**GOAL OF THE EXERCISE:** The records follow. Transcribe only the lines from the line containing "1. When performing" through the end, both ends included, and leave out the pictures.

[Stored items from a collection]
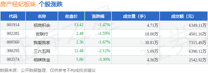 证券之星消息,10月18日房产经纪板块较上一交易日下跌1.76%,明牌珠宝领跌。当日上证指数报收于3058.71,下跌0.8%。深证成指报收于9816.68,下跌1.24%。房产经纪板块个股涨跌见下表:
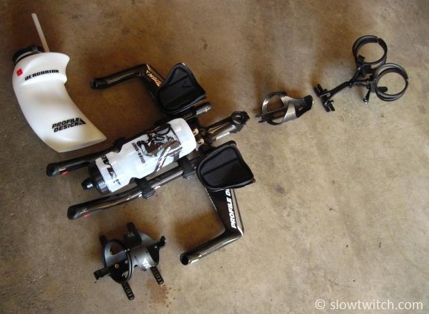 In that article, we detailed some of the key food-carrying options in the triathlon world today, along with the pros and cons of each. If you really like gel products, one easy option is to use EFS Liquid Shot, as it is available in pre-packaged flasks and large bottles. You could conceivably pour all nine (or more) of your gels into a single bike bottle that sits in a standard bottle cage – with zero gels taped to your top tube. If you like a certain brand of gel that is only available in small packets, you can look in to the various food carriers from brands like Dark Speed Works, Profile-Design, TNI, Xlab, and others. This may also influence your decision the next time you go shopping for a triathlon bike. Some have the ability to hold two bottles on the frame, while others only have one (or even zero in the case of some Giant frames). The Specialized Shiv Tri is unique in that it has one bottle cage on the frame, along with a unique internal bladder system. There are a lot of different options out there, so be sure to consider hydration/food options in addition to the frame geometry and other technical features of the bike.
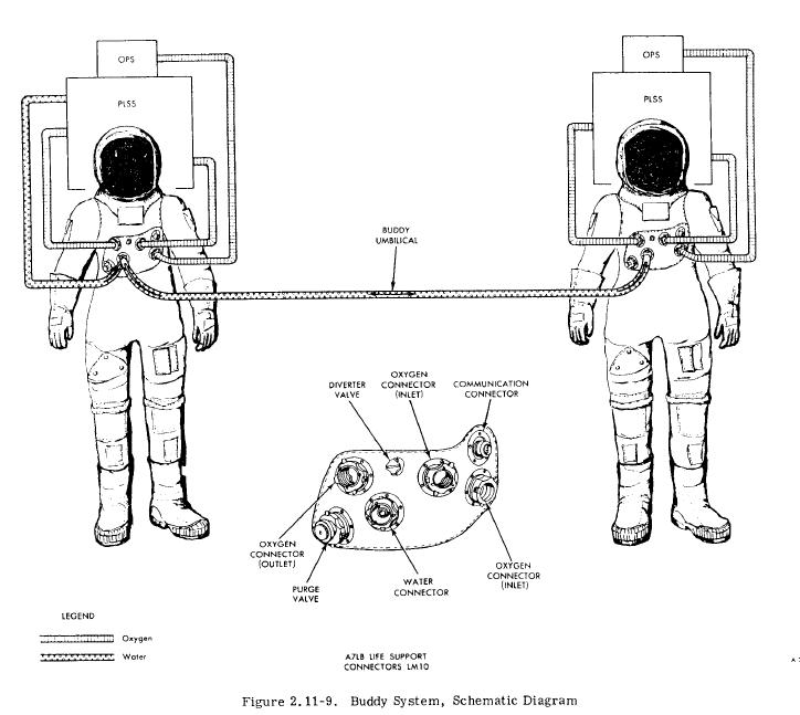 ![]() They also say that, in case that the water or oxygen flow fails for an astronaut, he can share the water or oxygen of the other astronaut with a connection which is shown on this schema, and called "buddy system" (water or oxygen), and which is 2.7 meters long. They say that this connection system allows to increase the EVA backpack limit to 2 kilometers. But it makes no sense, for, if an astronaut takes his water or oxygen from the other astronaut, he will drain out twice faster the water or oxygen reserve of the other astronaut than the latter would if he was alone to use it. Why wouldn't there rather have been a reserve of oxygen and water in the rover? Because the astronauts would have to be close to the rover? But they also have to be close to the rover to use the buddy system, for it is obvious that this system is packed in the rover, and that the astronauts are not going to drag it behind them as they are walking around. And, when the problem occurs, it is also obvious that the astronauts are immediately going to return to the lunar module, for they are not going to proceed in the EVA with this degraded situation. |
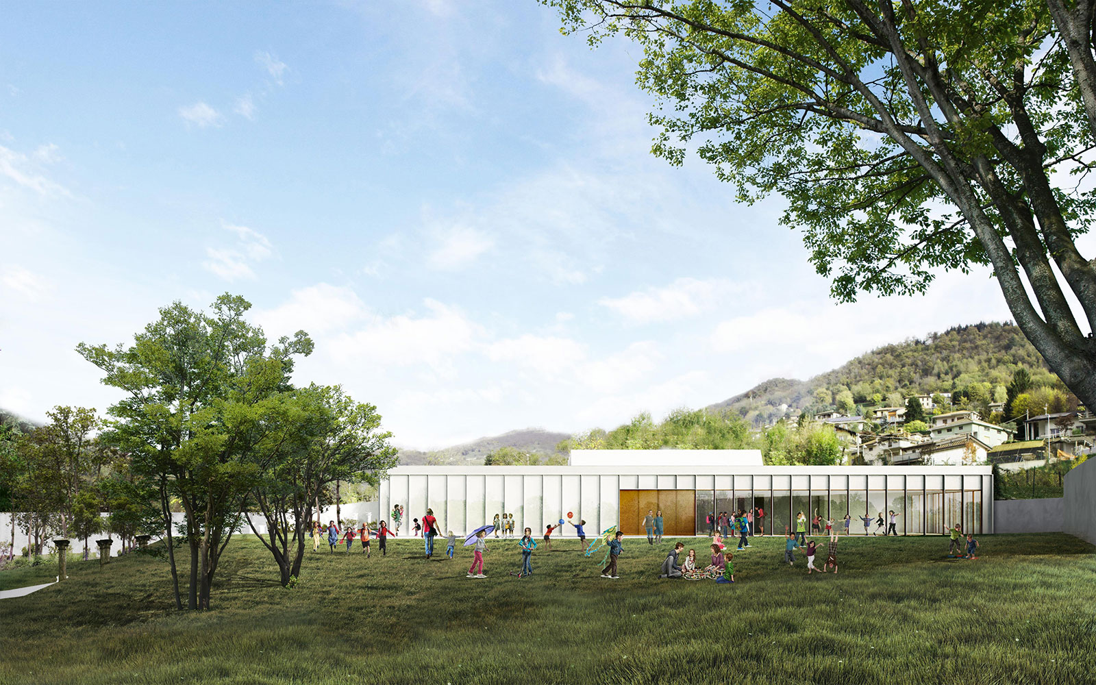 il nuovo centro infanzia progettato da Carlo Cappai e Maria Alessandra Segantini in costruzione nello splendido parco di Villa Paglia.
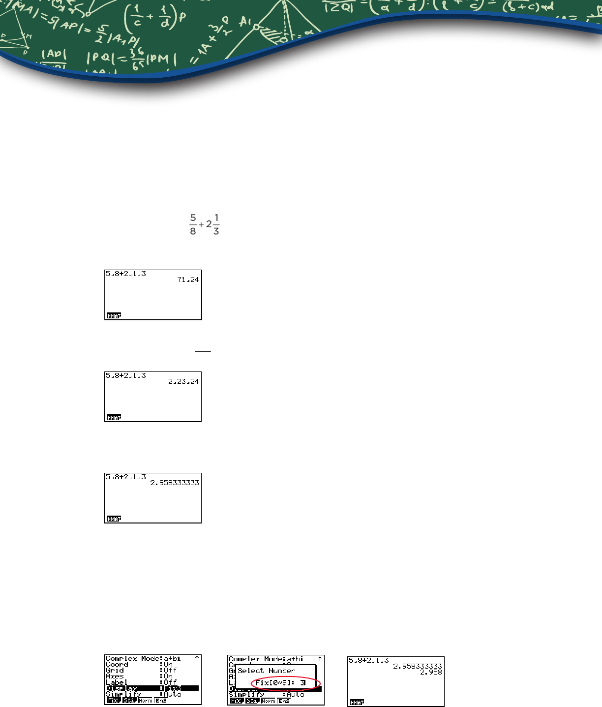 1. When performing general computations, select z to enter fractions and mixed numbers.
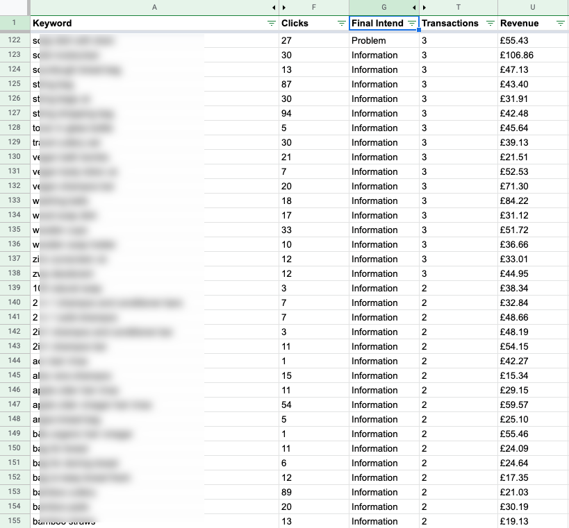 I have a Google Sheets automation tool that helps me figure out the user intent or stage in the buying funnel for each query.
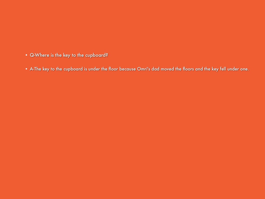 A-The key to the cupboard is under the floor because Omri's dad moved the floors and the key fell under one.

**TASK SOLUTION:**
 1. When performing general computations, select z to enter fractions and mixed numbers.
 I have a Google Sheets automation tool that helps me figure out the user intent or stage in the buying funnel for each query.
 A-The key to the cupboard is under the floor because Omri's dad moved the floors and the key fell under one.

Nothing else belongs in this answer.